• _WHAT YOU ARE ASKED TO DO_
The data below should be restated word for word, pictures omitted.
[RECORDS SUPPLIED — start]
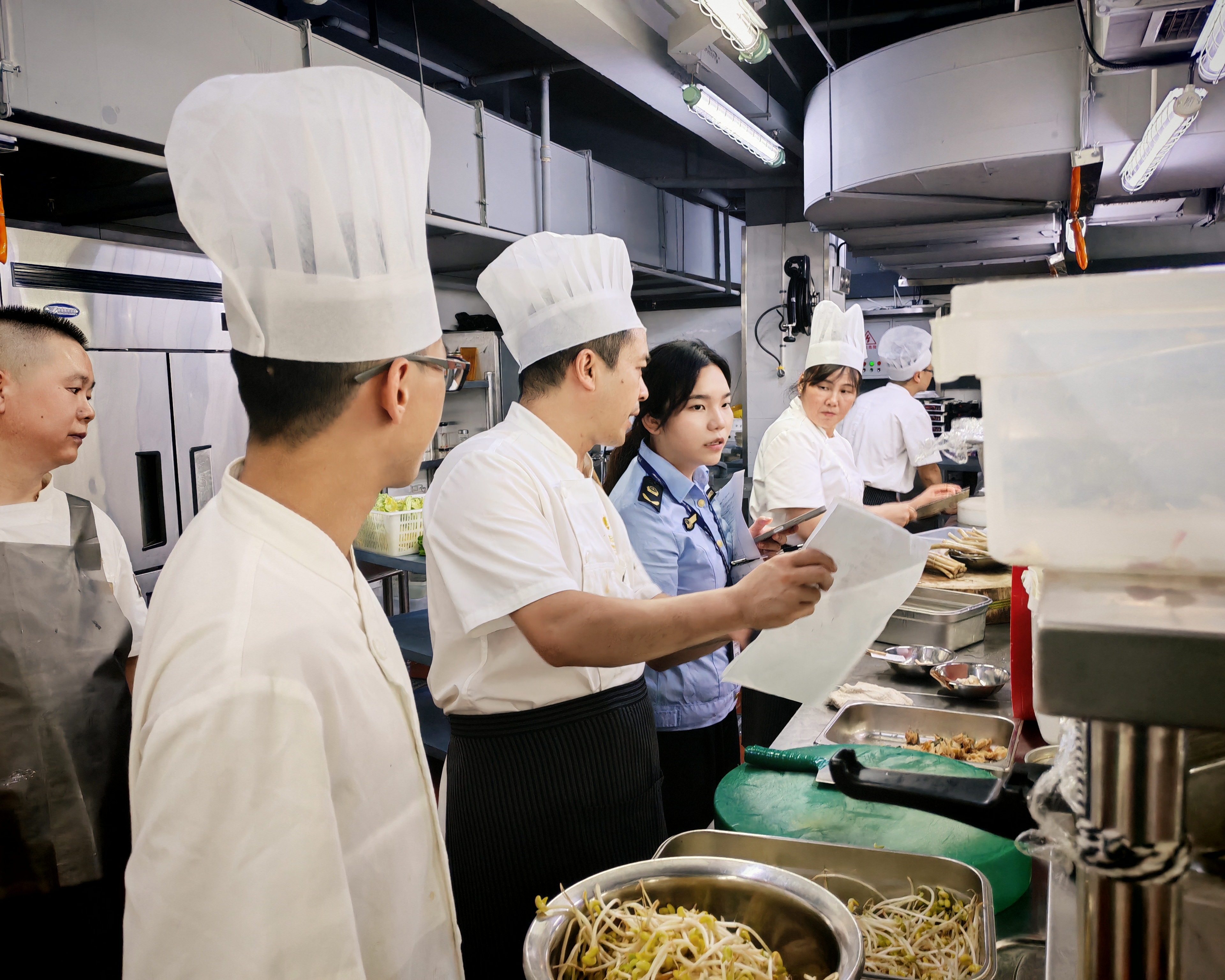 切实保障群众饮食平安。凸起宣传指导。为全面做好旅逛高峰期食物平安保障工做,正在餐饮公共区域300余幅食安宣传海报,对园区236家个别餐饮运营单元开展专项查抄,切实保障泛博旅客饮食平安。沉点督促落实食物采购索证索票轨制,确保问题整改到位。问题导向和方针导向,全面提拔餐饮单元食物加工操做规范化程度,连系参不雅旅逛团、夜市、人才聘请会等勾当,开展示场宣讲?
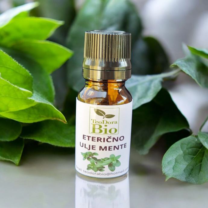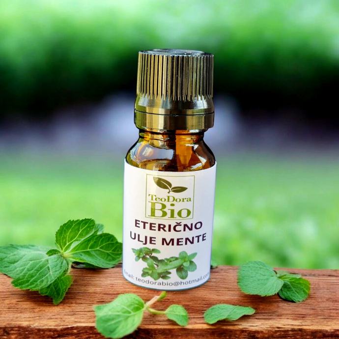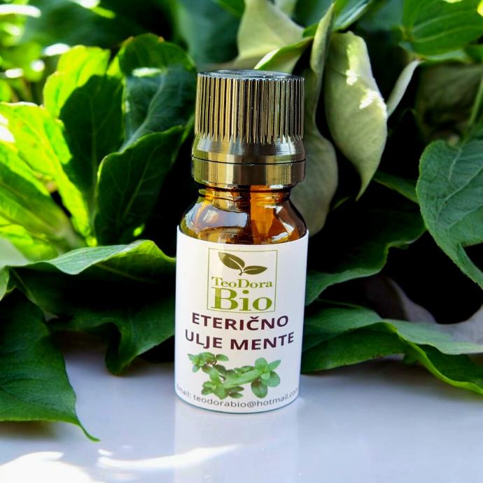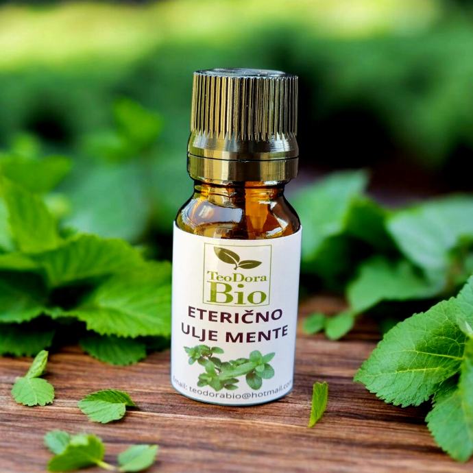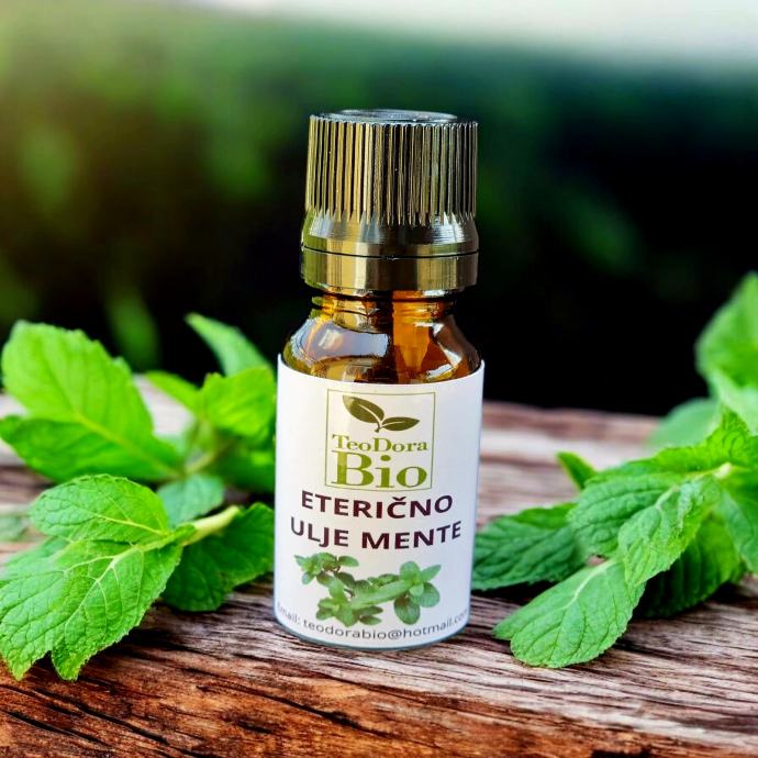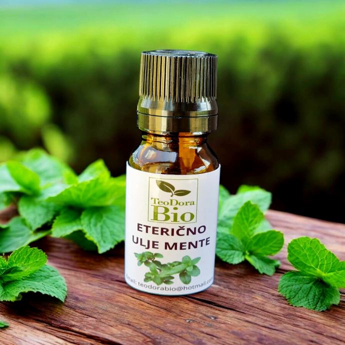 Opis: 100% čisto eterično ulje mente se dobija hidrodestilacijom vodenom parom iz listova biljke Mentha Piperita. Od aktivnih principa ulje sadrži: Menthol, Menthon, Menthyl acetat, Neomenthol, 1,8-Cineole Menthofuran
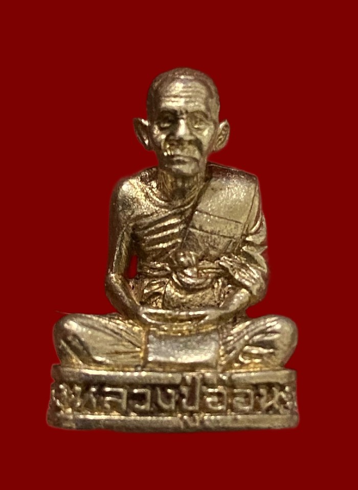 รูปหล่อหลวงปู่อ่อน วัดเนินมะเกลือ จ.พิษณุโลก รุ่นมหาสิทธิโชค ไตรมาส เนื้อเงิน ตอกโค๊ตใต้ฐาน ปี 2540
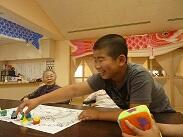 夕方降っていた雨はやみ、外で花火をしました。赤や黄色に変わる花火を見て「きれいだな~」と言ったり、「線香花火が最後にぼわっと広がりました!」と驚いた表情をしていたりして、夏ならではの楽しみを満喫していました。最後は打ち上げ花火を見ました。ヒューンヒューンと飛んでいく花火をキラキラした目で追い続けていました。
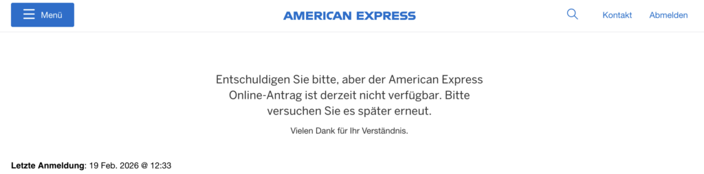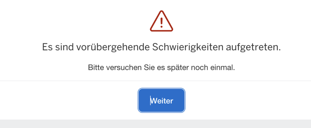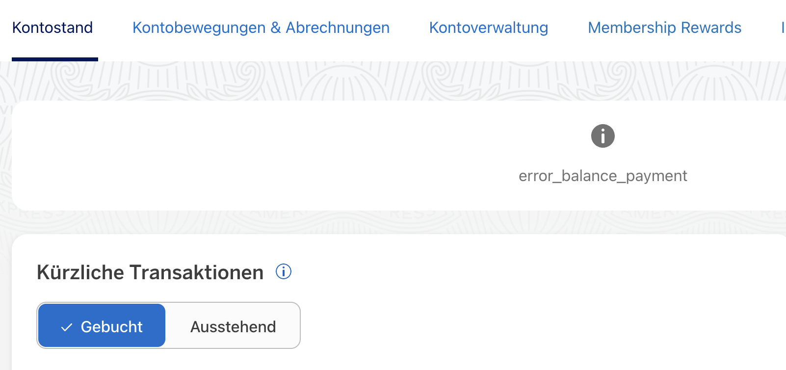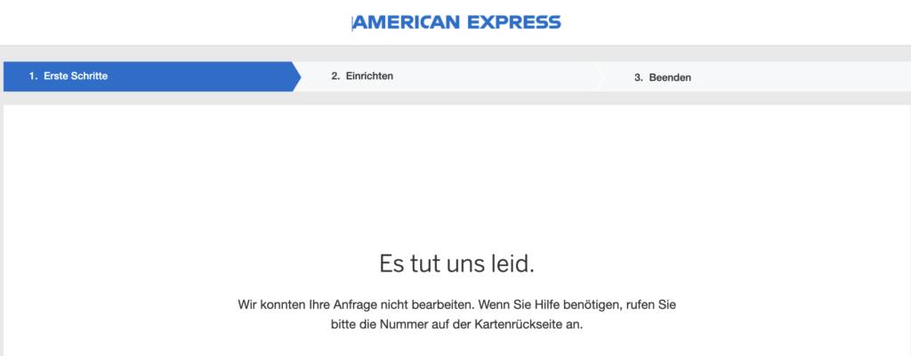 Und die Webseite von Amex ist extrem unübersichtlich gemacht. Gefühlt jeden 2. Klick kommt eine Fehlermeldung dieser Art:
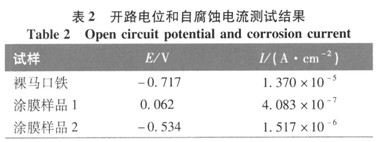 2.2 涂層防腐蝕性能分析 表2是馬口鐵表面聚苯胺/丙烯酸樹脂混合乳液涂層和裸馬口鐵在w( NaCl)=3.5%的NaCl溶液中的開路電位及腐蝕電流測試結果。其中樣品1為乳液互穿網絡聚合法制備的聚苯胺/丙烯酸樹脂防腐蝕乳液涂膜;樣品2為聚苯胺乳液和丙烯酸樹脂乳液共混制備的涂膜。
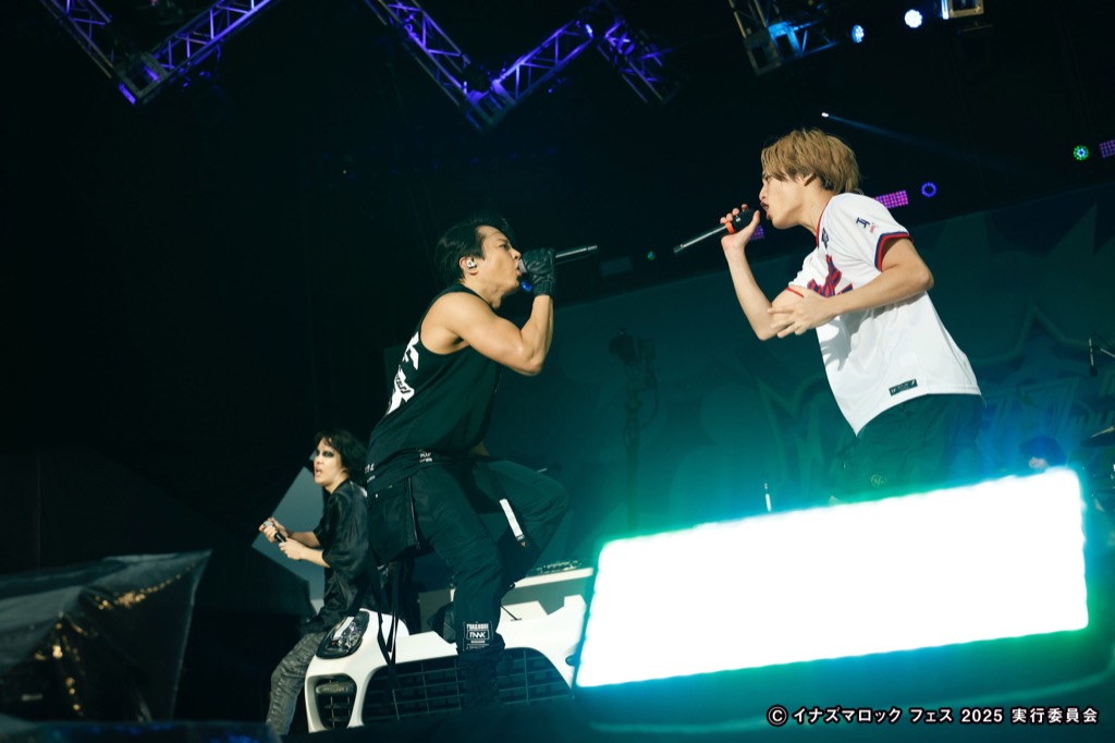 「我らがアニキ、西川さんがイナズマに呼んでくれました。すごいキラキラしたアイドルさんの後にやらせてもらって恐縮ですが、そういうところがイナズマの真骨頂。俺らのところも全然怖くないんで、頭空っぽにして身をまかせてノってください」と、「Let Me Hear」、そして「Virtue and Vice」へ。続いて彼らと西川がコラボした「Be Affected」のイントロが始まると、客席から歓声が上がる。ステージに西川も登場し、Soと最高に熱いハモリを披露した。西川が去った後もさらにエネルギッシュに盛り上がり、「Party Boys」「Luck Will Be There」まで全7曲、会場を大いに暴れさせてくれた。
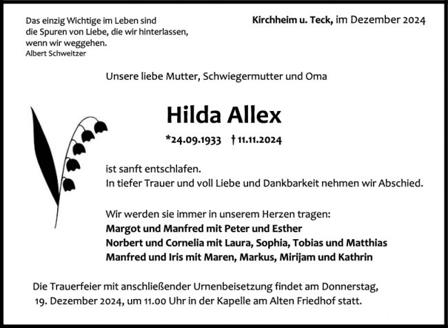 TodesanzeigeVon 14. Dezember 20243 Kommentare
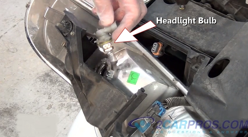 A headlight bulb uses more amperage than other bulbs in the lighting system so it a good idea when you are changing the bulb out to inspect the electrical connector for heat damage. If the headlight bulb socket is not accessible the headlight lens may need to be removed or obstructions behind the bulb removed to gain access to the headlight bulb socket. Some headlight bulbs can be replaced by simply grasping the bulb socket behind the headlight lens and turning it counter clockwise to remove it. This will expose the headlight bulb.
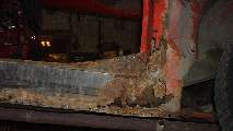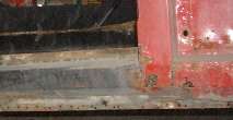 The tougher bullet to bite is the sad condition of the B pillar. This is badly eaten away for several inches at the bottom and even farther up the rear outer corner. This box section is composed of front and rear plates with flanges, and a flat outer strip. I believe the cage nuts for the shut face screws are part of the flange on the front plate. The front plate also has an indent surface in the area of the striker plate. Fortunately that area is in very good condition, and I am sure it can be saved. I think will start by removing a large part of the flat strip at least half way up the pillar. That will give me a good look inside to figure out how much of the front and back plates may have to be replaced. It may also give enough access to sand blast the inside of the pillar the rest of the way up in the part I want to keep.
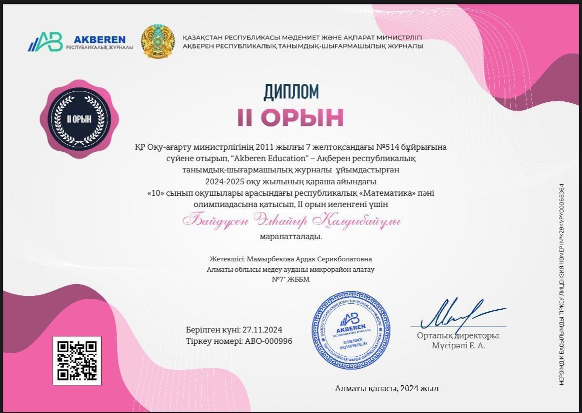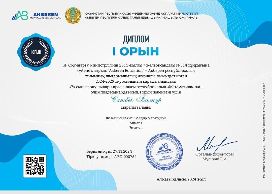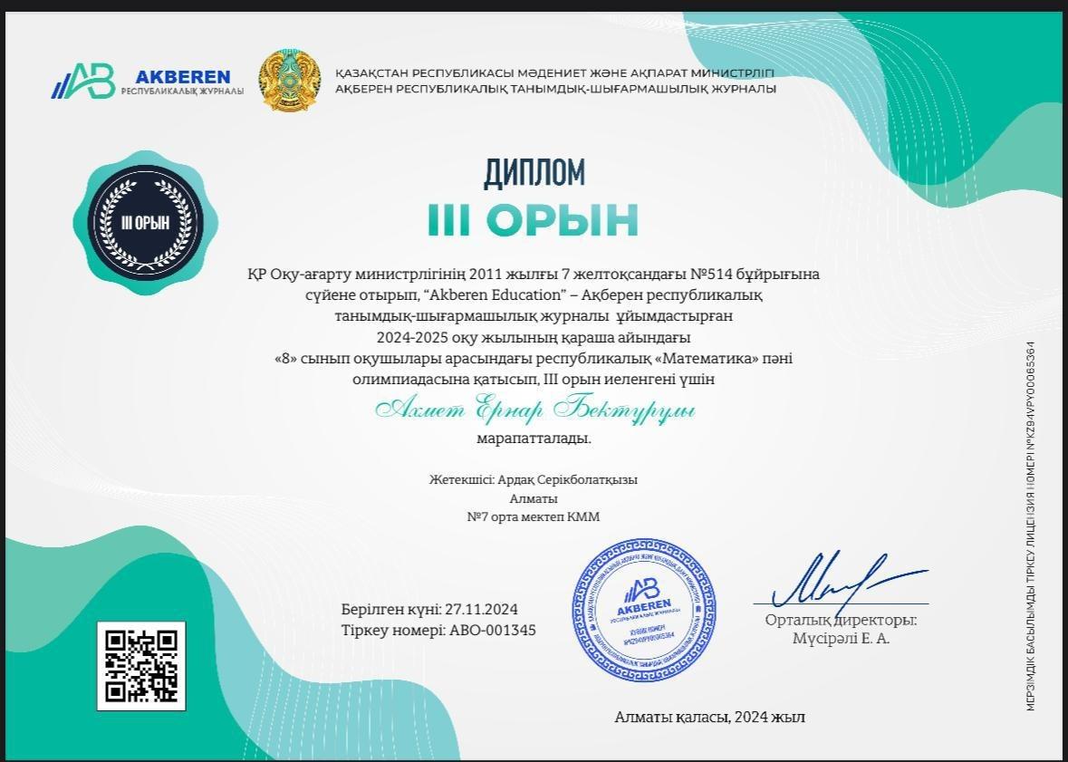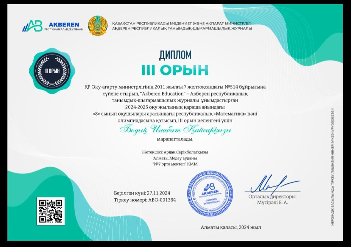 КГУ «Общеобразовательная школа №7» Управления образования города Алматы
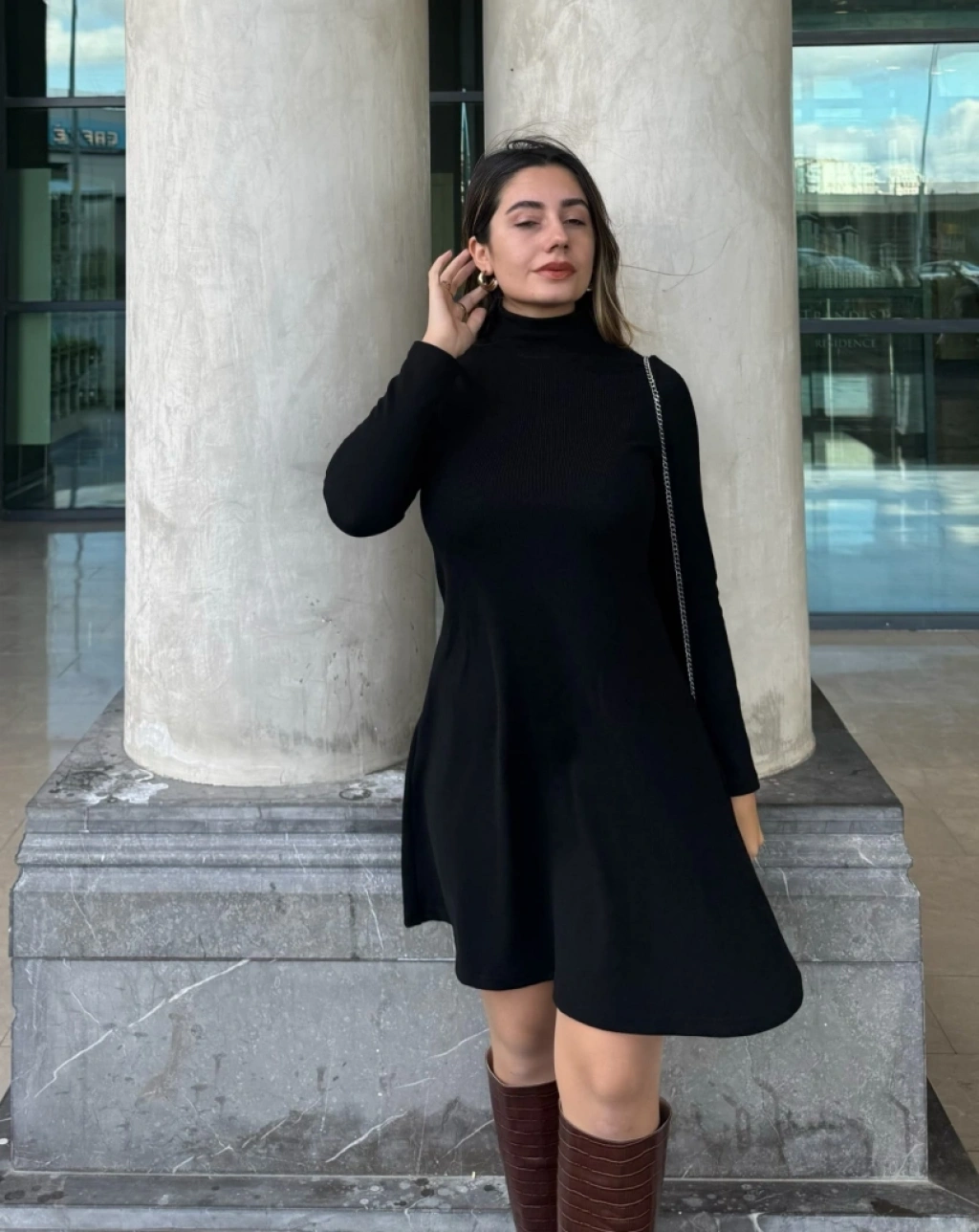 Kadın Uzun Kollu Balıkçı Yaka Salaş Kusa Akrilik Elbise
[RECORDS SUPPLIED — finish]
• _YOUR RESPONSE_
 切实保障群众饮食平安。凸起宣传指导。为全面做好旅逛高峰期食物平安保障工做,正在餐饮公共区域300余幅食安宣传海报,对园区236家个别餐饮运营单元开展专项查抄,切实保障泛博旅客饮食平安。沉点督促落实食物采购索证索票轨制,确保问题整改到位。问题导向和方针导向,全面提拔餐饮单元食物加工操做规范化程度,连系参不雅旅逛团、夜市、人才聘请会等勾当,开展示场宣讲?
 Opis: 100% čisto eterično ulje mente se dobija hidrodestilacijom vodenom parom iz listova biljke Mentha Piperita. Od aktivnih principa ulje sadrži: Menthol, Menthon, Menthyl acetat, Neomenthol, 1,8-Cineole Menthofuran
 รูปหล่อหลวงปู่อ่อน วัดเนินมะเกลือ จ.พิษณุโลก รุ่นมหาสิทธิโชค ไตรมาส เนื้อเงิน ตอกโค๊ตใต้ฐาน ปี 2540
 夕方降っていた雨はやみ、外で花火をしました。赤や黄色に変わる花火を見て「きれいだな~」と言ったり、「線香花火が最後にぼわっと広がりました!」と驚いた表情をしていたりして、夏ならではの楽しみを満喫していました。最後は打ち上げ花火を見ました。ヒューンヒューンと飛んでいく花火をキラキラした目で追い続けていました。
 Und die Webseite von Amex ist extrem unübersichtlich gemacht. Gefühlt jeden 2. Klick kommt eine Fehlermeldung dieser Art:
 2.2 涂層防腐蝕性能分析 表2是馬口鐵表面聚苯胺/丙烯酸樹脂混合乳液涂層和裸馬口鐵在w( NaCl)=3.5%的NaCl溶液中的開路電位及腐蝕電流測試結果。其中樣品1為乳液互穿網絡聚合法制備的聚苯胺/丙烯酸樹脂防腐蝕乳液涂膜;樣品2為聚苯胺乳液和丙烯酸樹脂乳液共混制備的涂膜。
 「我らがアニキ、西川さんがイナズマに呼んでくれました。すごいキラキラしたアイドルさんの後にやらせてもらって恐縮ですが、そういうところがイナズマの真骨頂。俺らのところも全然怖くないんで、頭空っぽにして身をまかせてノってください」と、「Let Me Hear」、そして「Virtue and Vice」へ。続いて彼らと西川がコラボした「Be Affected」のイントロが始まると、客席から歓声が上がる。ステージに西川も登場し、Soと最高に熱いハモリを披露した。西川が去った後もさらにエネルギッシュに盛り上がり、「Party Boys」「Luck Will Be There」まで全7曲、会場を大いに暴れさせてくれた。
 TodesanzeigeVon 14. Dezember 20243 Kommentare
 A headlight bulb uses more amperage than other bulbs in the lighting system so it a good idea when you are changing the bulb out to inspect the electrical connector for heat damage. If the headlight bulb socket is not accessible the headlight lens may need to be removed or obstructions behind the bulb removed to gain access to the headlight bulb socket. Some headlight bulbs can be replaced by simply grasping the bulb socket behind the headlight lens and turning it counter clockwise to remove it. This will expose the headlight bulb.
 The tougher bullet to bite is the sad condition of the B pillar. This is badly eaten away for several inches at the bottom and even farther up the rear outer corner. This box section is composed of front and rear plates with flanges, and a flat outer strip. I believe the cage nuts for the shut face screws are part of the flange on the front plate. The front plate also has an indent surface in the area of the striker plate. Fortunately that area is in very good condition, and I am sure it can be saved. I think will start by removing a large part of the flat strip at least half way up the pillar. That will give me a good look inside to figure out how much of the front and back plates may have to be replaced. It may also give enough access to sand blast the inside of the pillar the rest of the way up in the part I want to keep.
 КГУ «Общеобразовательная школа №7» Управления образования города Алматы
 Kadın Uzun Kollu Balıkçı Yaka Salaş Kusa Akrilik Elbise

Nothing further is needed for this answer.